# Reading > Write a Book Review >  The Stranger ~ Albert Camus

## Dark Muse

I brought this book to read while I was away on vaccation and I thought it was excellent. I could really relate to the main character and narator of the story, and this book really spoke to me on a deep level. 

The story is about a young man who stands outside of the normal bounds of society, and tended to go through life with a rather apathetic feeling. And tended to be emotionally distant. He ended up getting mixed up in some trouble because of a friend of his, and had to go to trial and during the course of the trail he was crucified because he did not experience things in the way that was considered to be proper and normal, and socially acceptable. As well the fact that he was an atheist shocked and horrified others, and he was painted to look like some sort of inhuman monster. The book was marvelously written, and very provocative

----------


## kelby_lake

It was quite interesting

----------


## Gibran

I have read this book in both Chinese and French, Camus was a great writer indeed, he was far more talented, inspired and skilled than Paul Satre. I think the aim of this weird book may be to proove that a philosophical view towards real life is sure to be beaten. Logic is loved, but doesn't fit human life.

----------


## Orpheus

I just finished reading The Stranger earlier this evening and I agree, it was very well written, provocative, raised questions of great importance, and involved a character that I could relate to as well.
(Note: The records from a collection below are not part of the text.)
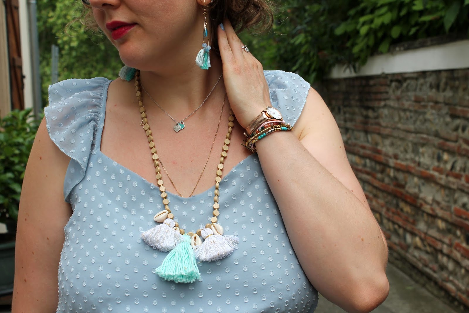 Côté bijoux, j'ai acheté pour l'occasion un sautoir en perles de bois et pompons bleu et blanc à la ravissante Léa qui crée des bijoux sous le nom de L.Kentéa, elle le sait je suis totalement fan de ses colliers et j'en commande un par collection !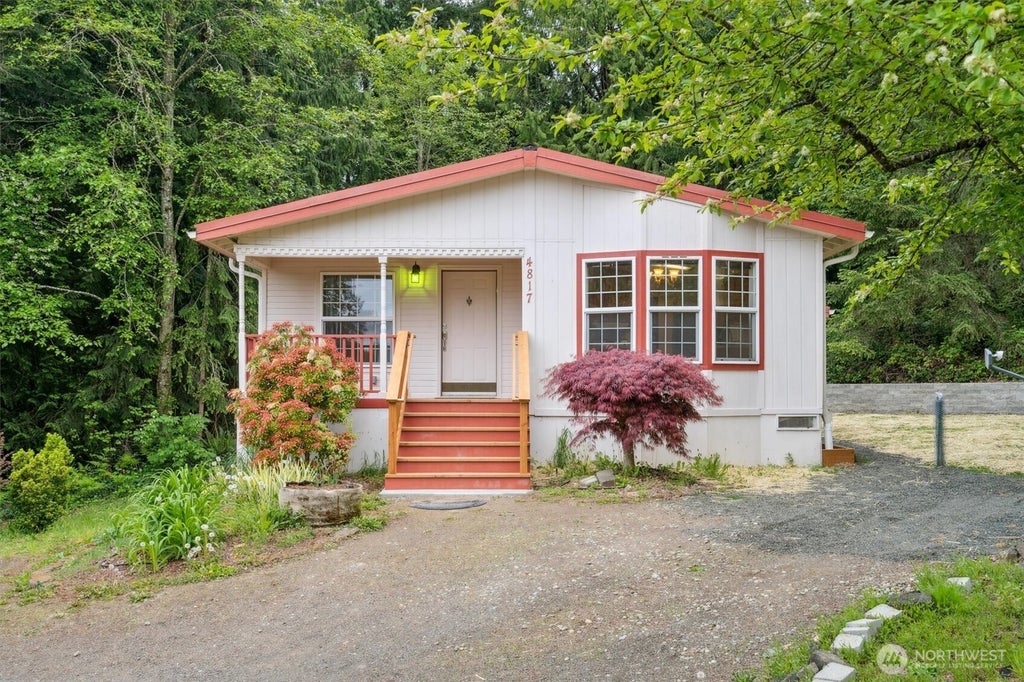 Tucked away on 1.6 serene acres, this one level 3-bedroom home offers the perfect blend of privacy, convenience, and comfort—all under $500K! The kitchen opens to the dining and living areas, creating an inviting space ideal for both daily life and entertaining. Wake up in the spacious primary bedroom to views of your own wooded retreat. Step outside to explore your private trail through the trees, or relax in the large sunny side yard with its brand-new retaining wall and fresh lawn—ready for RV parking, play, or your dream garden. Located just minutes from Silverdale shopping, schools, bases, new hospital and recreation, this home is a rare opportunity for peaceful living close to it all. Come experience it for yourself!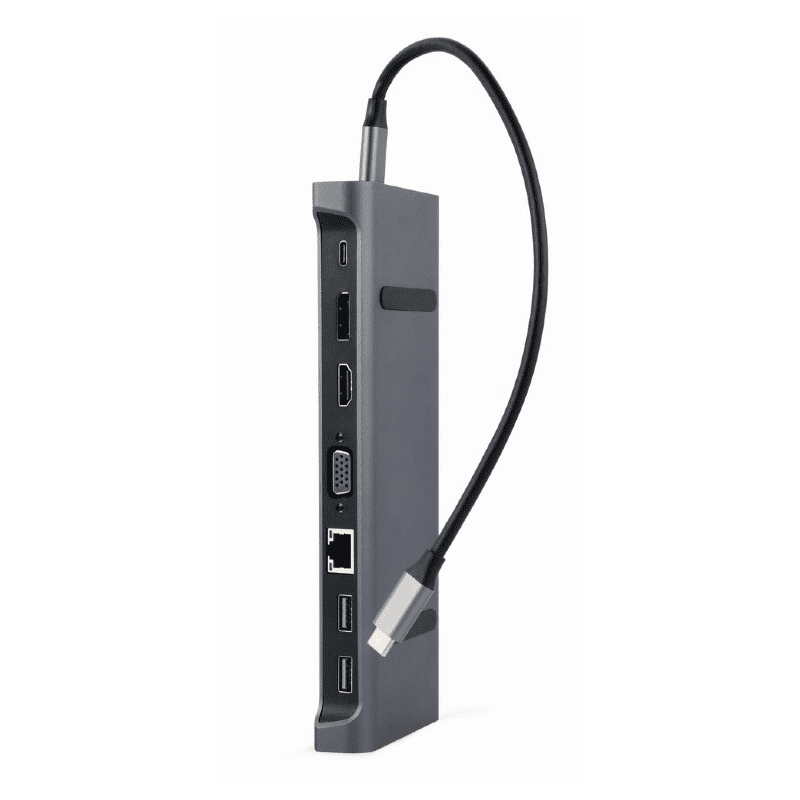 CABLEXPERT Adapter USB-C 9-v-1 3xUSB, HDMI, DP, VGA, PD, LAN, audio

I especially liked the way Camus' writing style differentiated between the first and second parts, shifting from the short, almost mechanical-sounding sentences of the first part to the more fluid and allegorical descriptive writing prevalent in the second. Are there any ideas as to why Camus decided upon this stylistic shift in his writing? It was effective and I applaud his wonderful use of language, however, my understanding is rather elementary. Any ideas?

----------


## amalia1985

Extremely well-written, Camus exposes- once again- all the cruelty and hypocricy of society, and how those who "dare" to be different are ruthlessly persecuted and victimised.

----------


## bazarov

> Extremely well-written, Camus exposes- once again- all the cruelty and hypocricy of society, and how those who "dare" to be different are ruthlessly persecuted and victimised.


They should let him go? I am also different, but I haven't killed anyone.  :Smile:

----------


## Dark Muse

The guy he shot did stab his friend and than draw a knife on him. A case for self-defense I think could be made here. He did not kill a perfectly innocent civilian in cold blood. The victim here bares some of the guilt for what happened.

----------


## amalia1985

> The guy he shot did stab his friend and than draw a knife on him. A case for self-defense I think could be made here. He did not kill a perfectly innocent civilian in cold blood. The victim here bares some of the guilt for what happened.


Exactly, that's my opinion, at least.

----------


## bazarov

> The guy he shot did stab his friend and than draw a knife on him. A case for self-defense I think could be made here. He did not kill a perfectly innocent civilian in cold blood. The victim here bares some of the guilt for what happened.


In that moment he didn't made any dangerous acts; it was only blackout in his head. He accused Sun, and that's not the best reason for self defense. Personally, I really like Mersault but he is guilty and had to be punished.

----------


## Dark Muse

Even if he is guilty of the crime, which I am not completely convinced that he should have been punished the way he was, when the victim had acted in a way to bring about such an action. 

The trial was not truly about the crime itself, and never in the course was the fight mentioned or the fact that the victim had in fact instigated it, or was armed and drew a weapon. 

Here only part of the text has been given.